On April 6, 2021, Riot issued a press release announcing Ms. Brooks’ appointment as COO, a copy of which is attached as Exhibit 99.1 to this Report and incorporated by reference into this Item 7.01.

On April 7, 2021, Riot issued a press release announcing the Long-Term Purchase Agreement with Bitmain, a copy of which is attached as Exhibit 99.2 to this Report and incorporated by reference into this Item 7.01.

This information, including Exhibits 99.1 and 99.2 to this Report, is intended to be furnished under Item 7.01 of this Report only and shall not be deemed “filed” for purposes of Section 18 of the Securities Exchange Act of 1934, as amended (the “Exchange Act”), or incorporated by reference in any filing under the Securities Act of 1933, as amended, or the Exchange Act, except as shall be expressly set forth by specific reference in such a filing.

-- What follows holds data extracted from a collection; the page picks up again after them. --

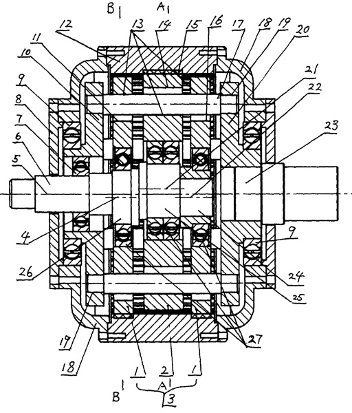 | 一種內(nèi)三環(huán)減速機,其特征在于:由環(huán)板、雙偏心輸入曲軸、輸出軸、軸承、支架、內(nèi)齒圈、銷子、端蓋、封頭等組成,其中:雙偏心輸入曲軸包括輸入軸、環(huán)板對稱軸,環(huán)板對稱軸與輸入軸同軸不同心,輸出軸與輸入軸為同一對稱軸;環(huán)板上帶有能穿過銷子的通孔,和能與軸固定的孔,環(huán)板由兩個環(huán)板(1)和一個環(huán)板(2)組成,兩個環(huán)板(1)與一個環(huán)板(2)重量相等且外徑相等,兩個環(huán)板(1)對稱分面于環(huán)板(2)兩邊,兩個環(huán)板(1)的對稱軸與環(huán)板(2)的對稱軸夾角為180,環(huán)板上帶有相同的外齒,內(nèi)齒圈上帶有內(nèi)齒,環(huán)板外齒與內(nèi)齒圈內(nèi)齒為少齒差傳動嚙合,支架上與環(huán)板對應處開有固定孔,銷子穿過環(huán)板上的通孔,其兩端分別固定在兩個支架的固定孔上,其中一個支架通過軸承固定在輸入軸上,另一個支架直接固定在輸出軸上,銷子與環(huán)板上的通孔相切,環(huán)板通過軸承固定在軸上,兩個支架通過軸承分別固定在輸入軸與輸出軸上,端蓋通過軸承固定在支架上,內(nèi)齒圈齒套在環(huán)板上,并與端蓋固接。 |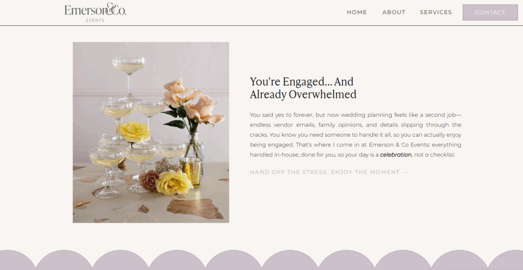 “You said yes to forever, but now… feels like a second job” → “everything handled in-house… celebration, not a checklist”—instant empathy + CTA.
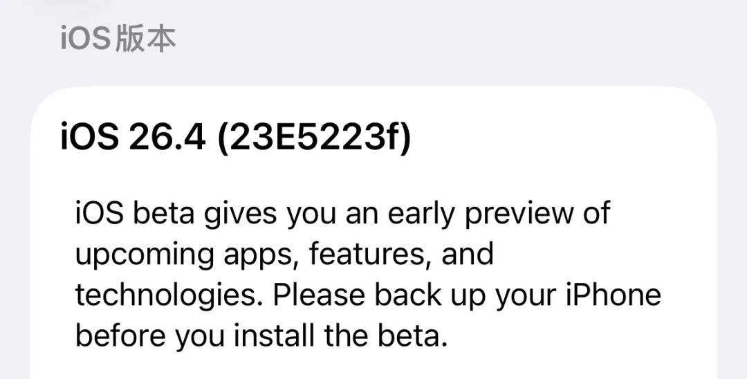 总之,iOS 26.4 Beta 3 主要还是一个以优化为主的小更新,尤其是修复了 App Store 加载缓慢的问题,如果你已经更新了 iOS 26.4 Beta 的话,非常建议更新到这个版本。
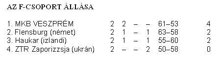 Veszprém: Peric – Markovic 2, Gál 7, Lapcevic 1, Lushnikov,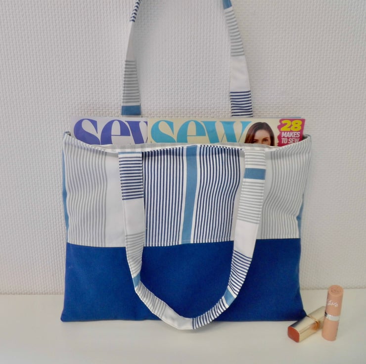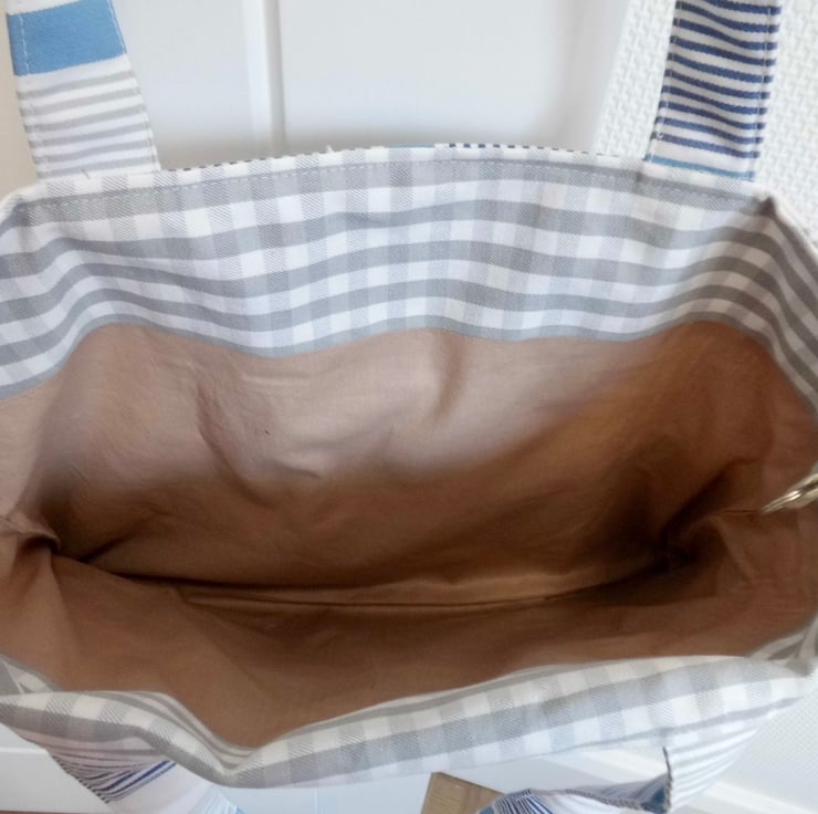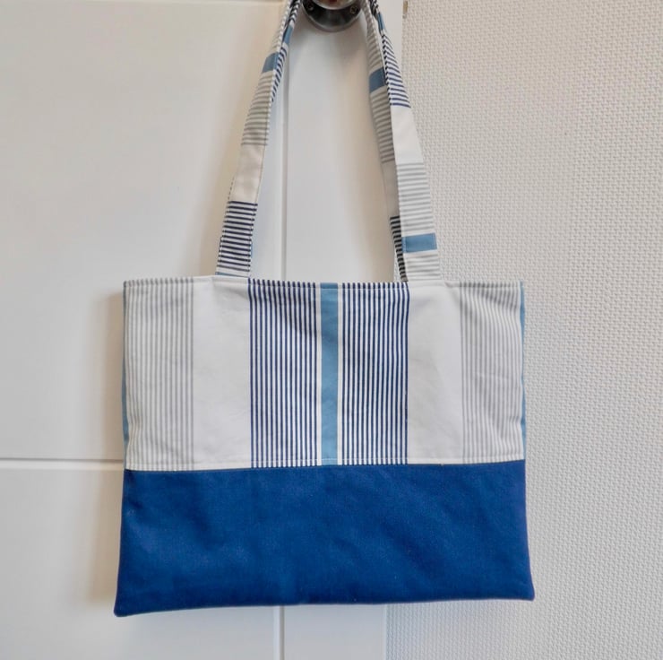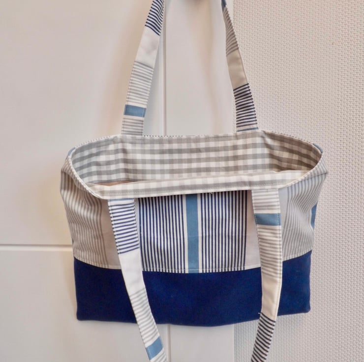 Handles are blue and white striped and the loop of each handle measures about 57cm, so can be used over the shoulder if needed. Neatly topstitched with white thread.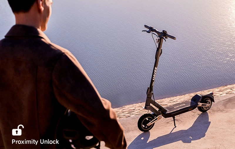 Самокат автоматически снимает электронную блокировку при вашем приближении благодаря Bluetooth-соединению со смартфоном. Когда вы отходите, блокировка включается снова — всё для вашей безопасности и комфорта, без лишних действий.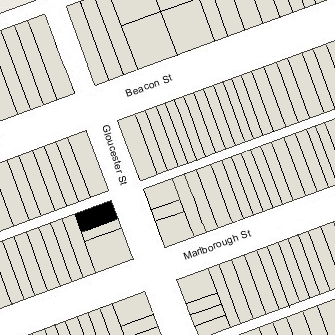 4 Gloucester is located on the west side of Gloucester, between Beacon and Marlborough, with 401 Beacon to the north, across Alley 415, and 6 Gloucester to the south.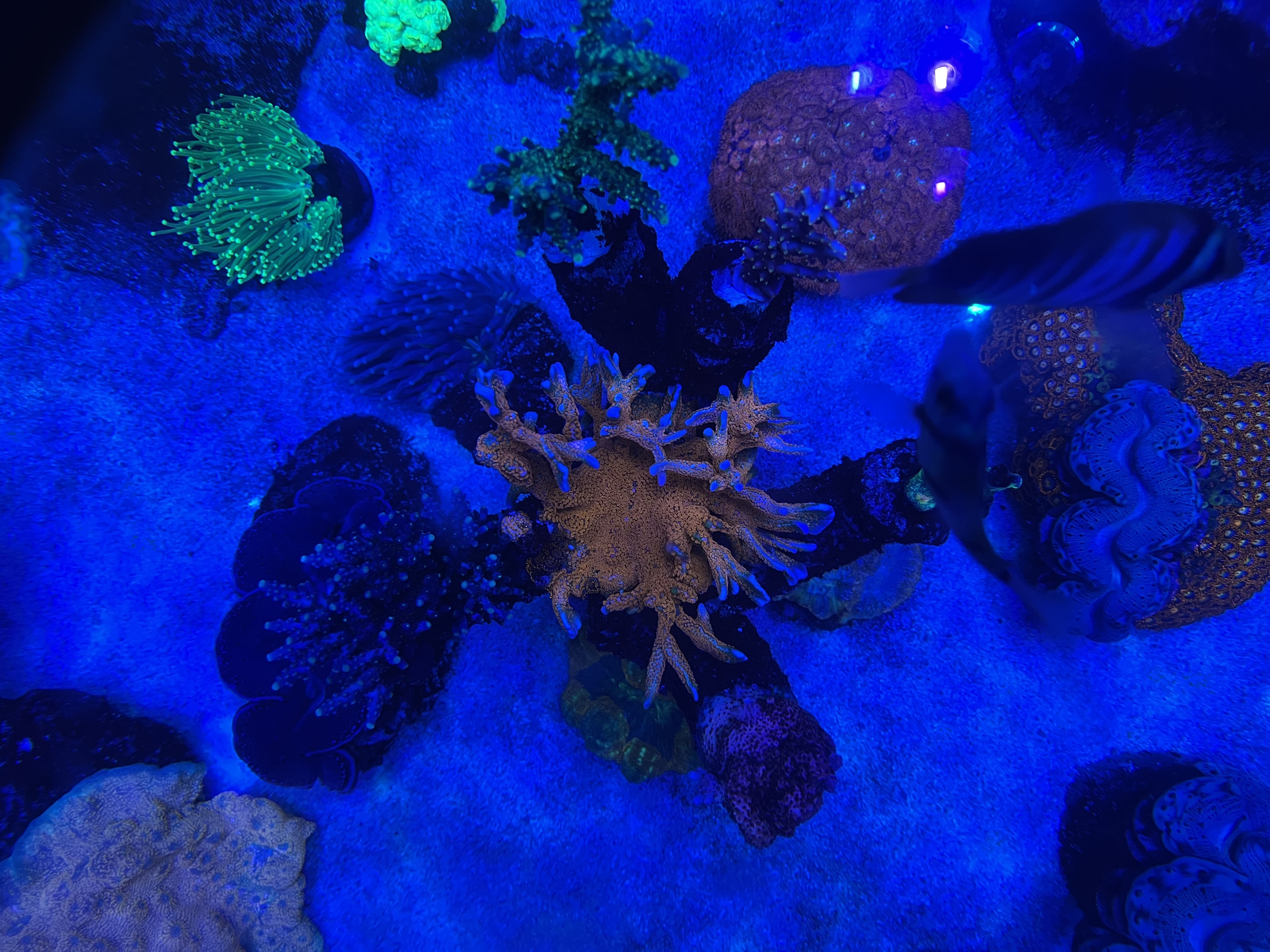Jeg har ændret lyset på Orphek lamperne sad jeg savnede noget blåt lys ved aftentid. Det har jeg godt nok fået. Her er par billeder først oppe fra igenne ko øje og så fra siden. Det er kun med blåt lys og orange filter på mobilen.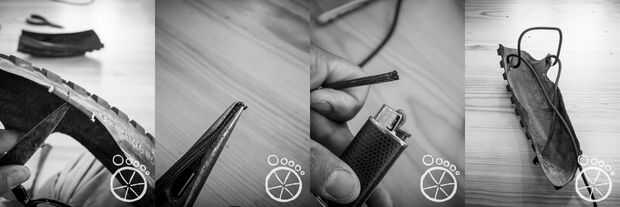 Pase el cable debajo de nuevo para que del zapato se ve como se ve en la última foto.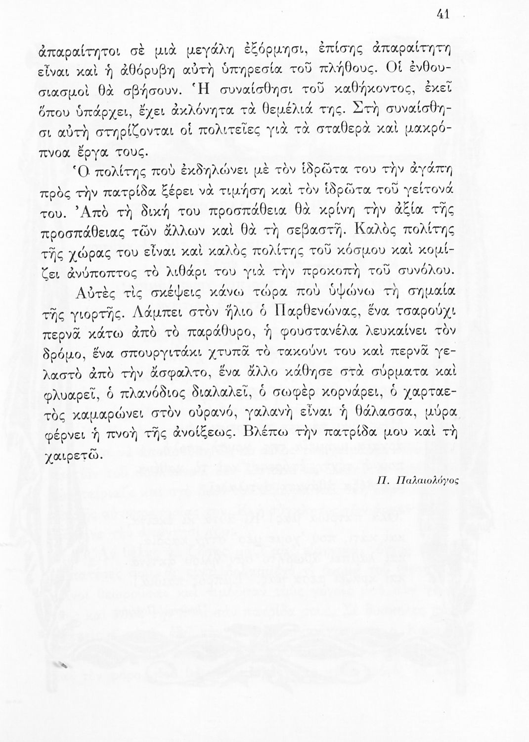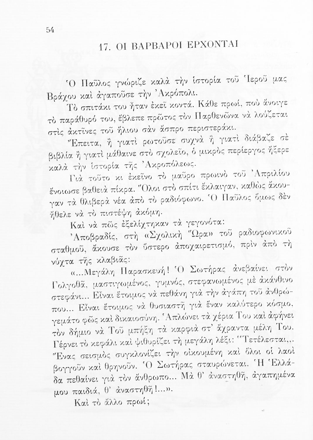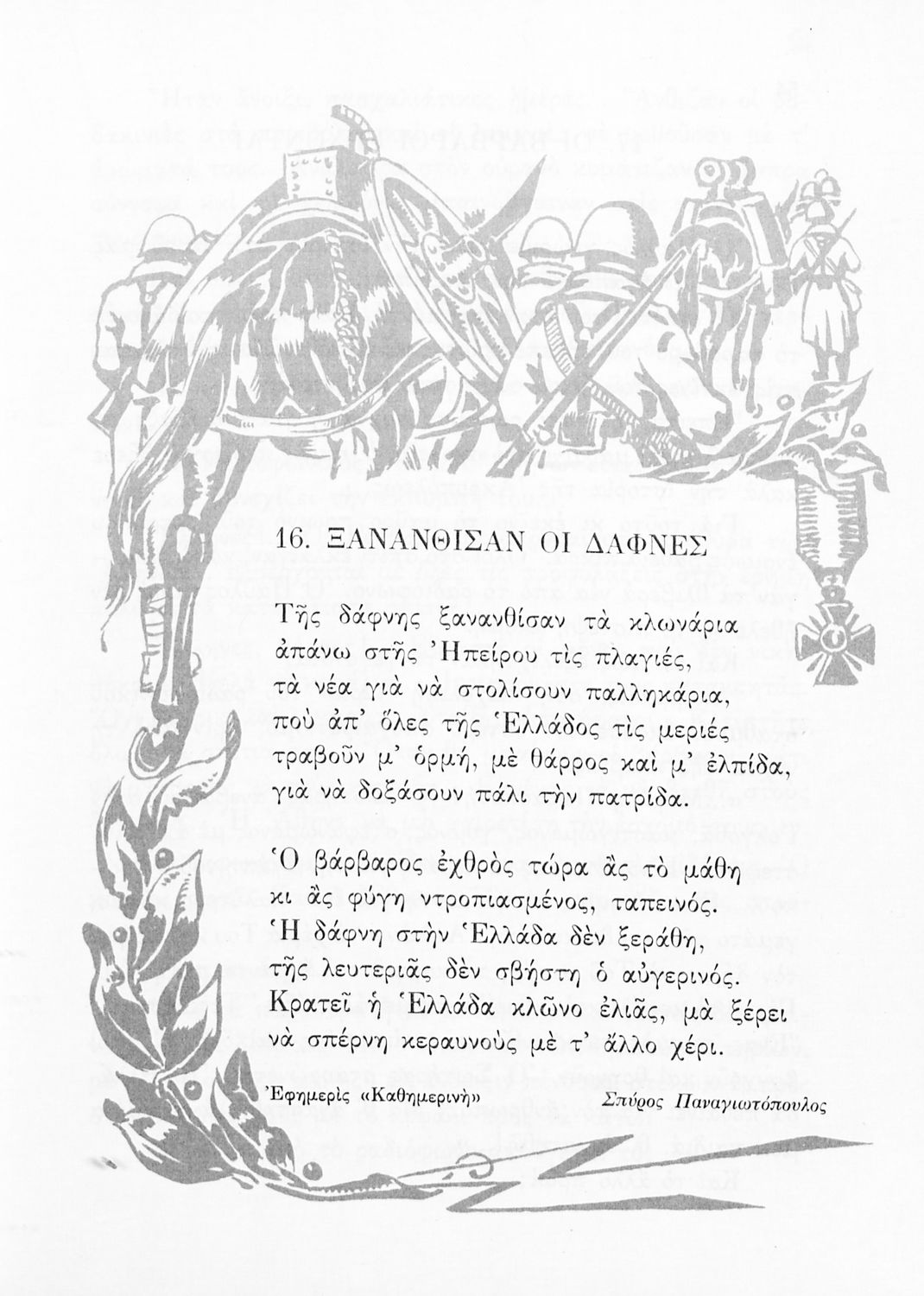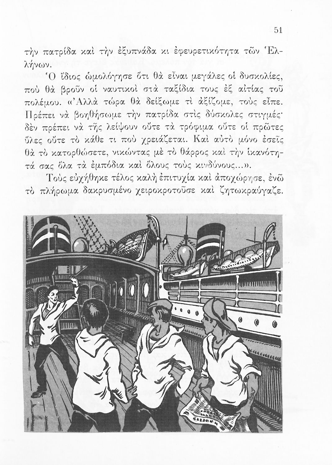 Αναγνωστικό Ε΄ Δημοτικού που περιέχει κείμενα εμπνευσμένα από την εθνική, κοινωνική και οικογενειακή ζωή και την ελληνική φύση, μυθολογία και ιστορία. Φέρει το σύμβολο της δικτατορίας.

About Riot Blockchain, Inc.

Information reported in this Current Report on Form 8-K is limited to the scope of the information reportable under a Current Report on Form 8-K under the rules and regulations of the Commission. Please refer to the additional information concerning the Corporation referenced in the following notices and safe harbor provision for material risks and other uncertainties.

Investor Notice

An investment in the Corporation’s common stock involves a high degree of risk, and an investor should only purchase the Corporation’s securities if he or she can afford to suffer the loss of his or her entire investment. In determining whether to purchase the Corporation’s common stock, an investor should carefully consider all of the material risks described under Item 1A under the heading “Risk Factors” in our most recent Annual Report on Form 10-K for the year ended December 31, 2020, filed with the SEC on March 31, 2021, as amended, and as supplemented and updated by subsequent Quarterly Reports on Form 10-Q and Current Reports on Form 8-K, together with the financial or other information contained or incorporated by reference in such reports. In addition to the risks discussed in these reports, other risks not presently known to us or that we currently believe to be immaterial may also adversely affect our business, financial condition and results of operations, perhaps materially. The discussions regarding material risks also include forward-looking statements, and actual results and events may differ substantially from those discussed or highlighted in those forward-looking statements.

Safe Harbor

The information provided in this Report may include forward-looking statements relating to future events or the future financial performance of the Corporation. Because such statements are subject to risks and uncertainties, actual results may differ materially from those expressed or implied by such forward-looking statements. Words such as “anticipates,” “plans,” “expects,” “intends,” “will,” “potential,” “hope” and similar expressions are intended to identify forward-looking statements. These forward-looking statements are based upon current expectations of the Corporation and involve assumptions that may never materialize or may prove to be incorrect. Actual results and the timing of events could differ materially from those anticipated in such forward-looking statements as a result of various risks and uncertainties. Detailed information regarding factors that may cause actual results to differ materially from the results expressed or implied by statements in report relating to the Corporation may be found in the Corporation’s periodic filings with the Commission, including the factors described in the sections entitled “Risk Factors,” copies of which may be obtained from the SEC’s website at www.sec.gov. The Corporation does not undertake any obligation to update forward-looking statements contained in this Report.

 

 
 
 

 

 

Item 9.01.

(d) Exhibits.

Financial Statements and Exhibits.

Exhibit Number

 

Description
10.1

Future Sales and Purchases Agreement by and between Riot Blockchain, Inc. and Bitmain Technologies Limited, dated as of April 5, 2021.

 

10.2

Executive Employment Agreement by and between Riot Blockchain, Inc. and Megan Brooks, dated as of April 6, 2021.

 

99.1*

Press Release, issued by Riot Blockchain, Inc. on April 6, 2021 (furnished pursuant to Item 7.01 of this Current Report on Form 8-K).

 

99.2* Press Release, issued by Riot Blockchain, Inc. on April 7, 2021 (furnished pursuant to Item 7.01 of this Current Report on Form 8-K).

 

† Portions of this Exhibit have been omitted as confidential information.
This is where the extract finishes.